There is one spare fibre between all buildings.

The LAN is based in a hospital environment and legacy medicial equipement will only communicate over L2 links. This has been tested over layer3 links and will not work.

Is it still a good idea to use Eigrp routing over L2 trunk for the core switches?

Thanks again,

Colm

Jon Marshall · ‎10-30-2008

Colm

Apologies for not getting back sooner.

So can i assume that this L2 legacy equipment runs across all 3 buildings and that means you must have L2 adjacency between all buildings ?

If so how does this equipment work.

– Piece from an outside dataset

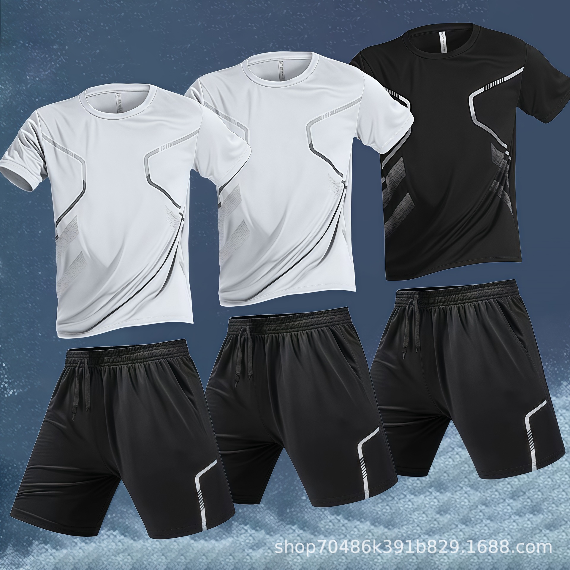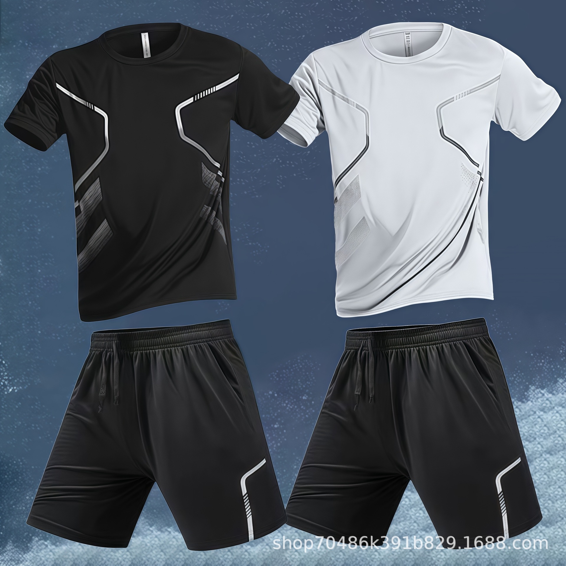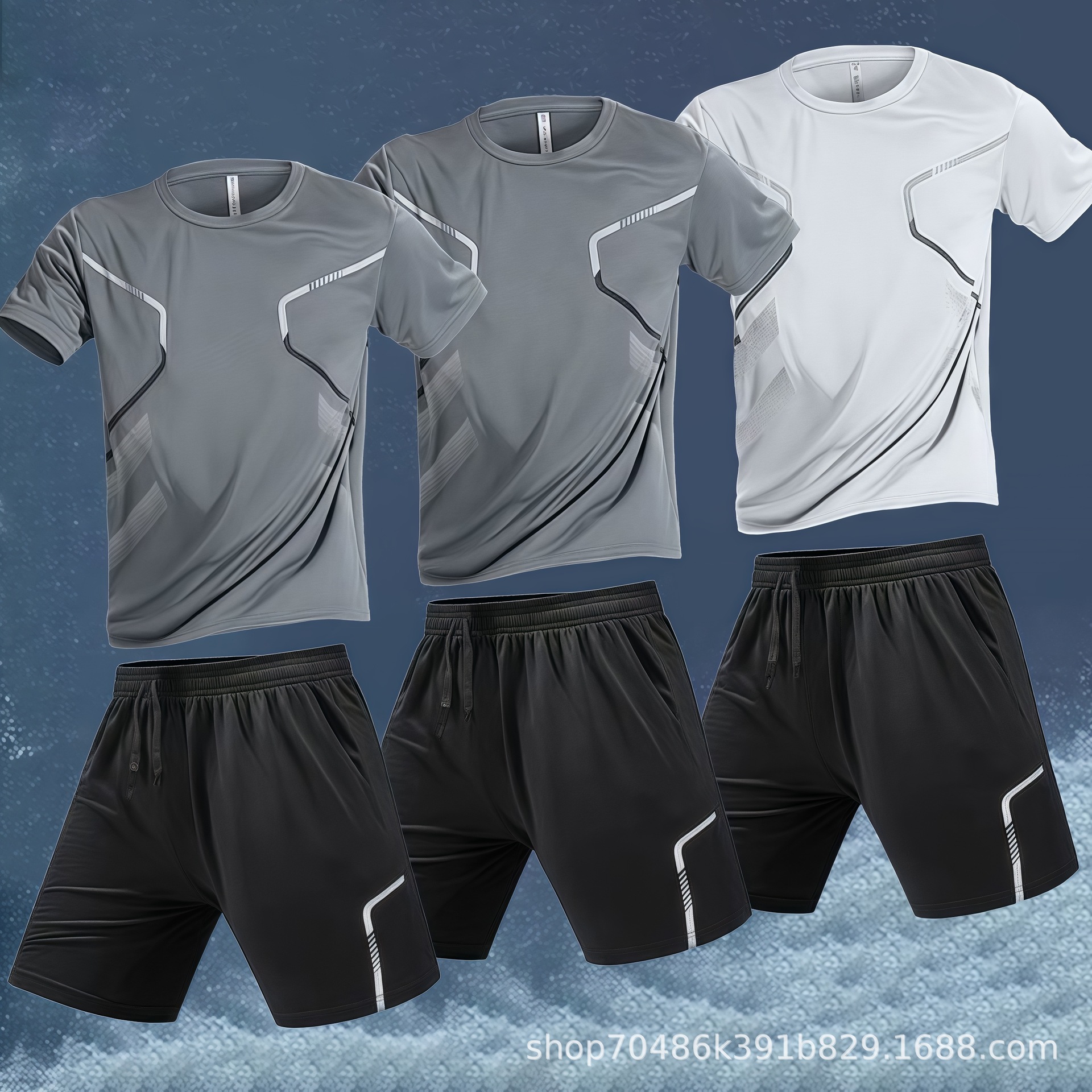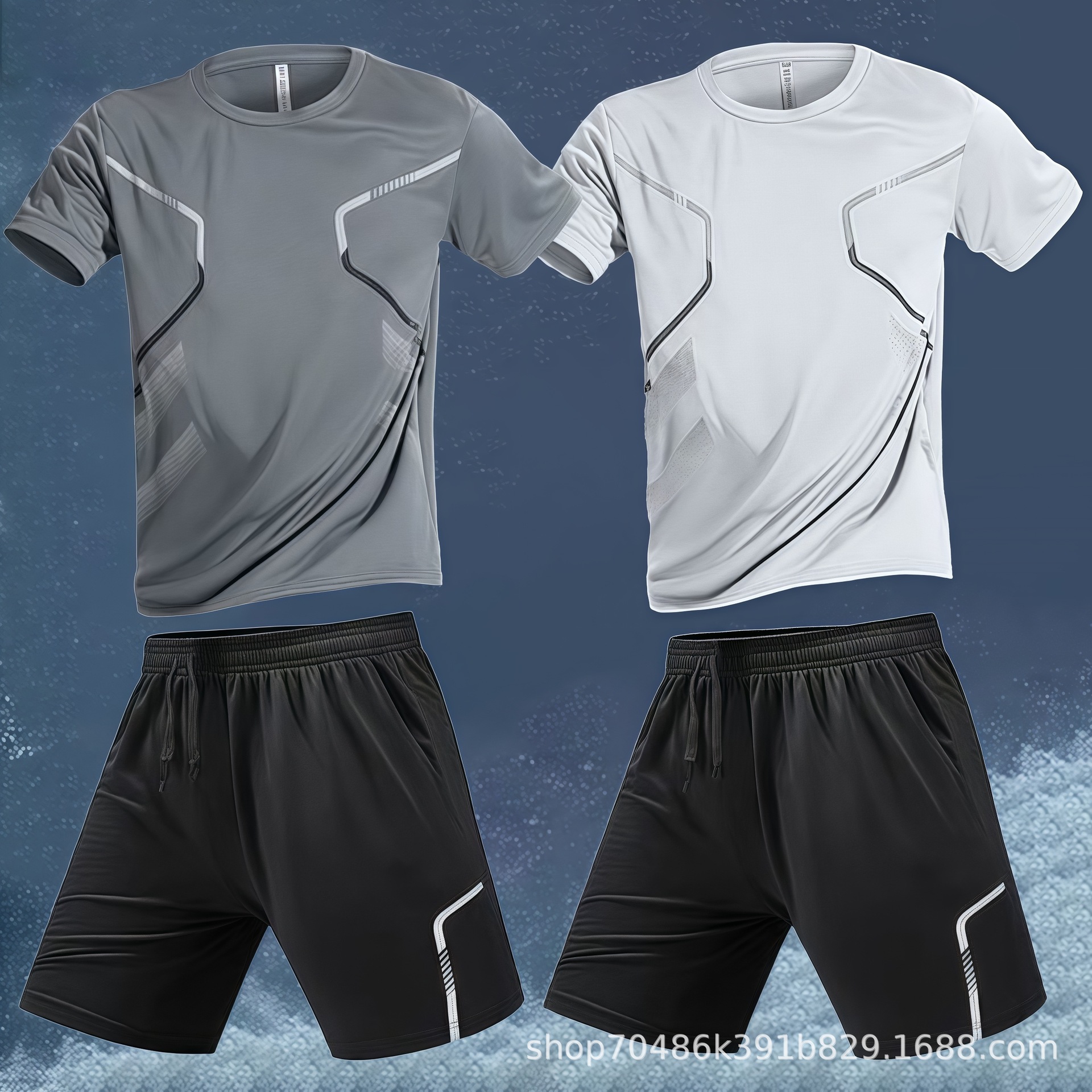 남성과 여성을위한 여름 속건성 메쉬 반팔 티셔츠 정장 스포츠 아이스 실크 저지 반바지 여름 배드민턴 투피스 세트스토어 가기

Is it a server based application ?. Where i am a little confused is that you have dedicated vlans/subnets in each building for clients so they would not be L2 adjacent for the servers anyway.

One possible use of the extra fibre would be to have both L3 and L2 links between buildings with most of the traffic going via L3 links which would protect you somewhat from STP loops and if the legacy equipment is finally replaced you have a L3 routed design to go forward with.

But without understanding the legacy application and how it works between buildings it's difficult to say.

Jon

pkaretnikov · ‎10-30-2008

I had a very similar hospital setup with a very similar setup and everything ran just fine but there are a few things I think you should look at.

1. The point of HSRP is to provide multiple layer 3 gateways in case of failure. If the equipment(core) fails, the line will be dead and no one will get out regardless, so you might as well scrap it.

2. Trunks between buildings is a good thing. You may want to consider running what I'll call 'local VLANs'. Use the same VLAN in each building for the users, let's say VLAN 100, but don't allow it over the core to core links(e.g. switchport trunk vlan allowed 1-99,101-2000). Limit some of the heavier traffic from spilling over your links. Each site will have it's own subnet, which will also make locating problems slightly easier.

3. If you want to run more bandwidth between buildings or you can convince them to have dual/redundant cores in each building, I would suggest you take a look at CWDM

http://www.cisco.com/en/US/prod/collateral/modules/ps5455/ps6575/product_data_sheet09186a00801a557c_ps4999_Products_Data_Sheet.html

multiple links over a single fiber. If you did have multiple cores, then you would want to run HSRP or GLBP between them.

4. EIGRP is Cisco only. As much as I like Cisco products I never want to be 100% bound to anything too proprietary. OSPF is almost as fast and is an industry standard. If you ever have to implement any non-Cisco equipment in the future it'll make your life a lot easier.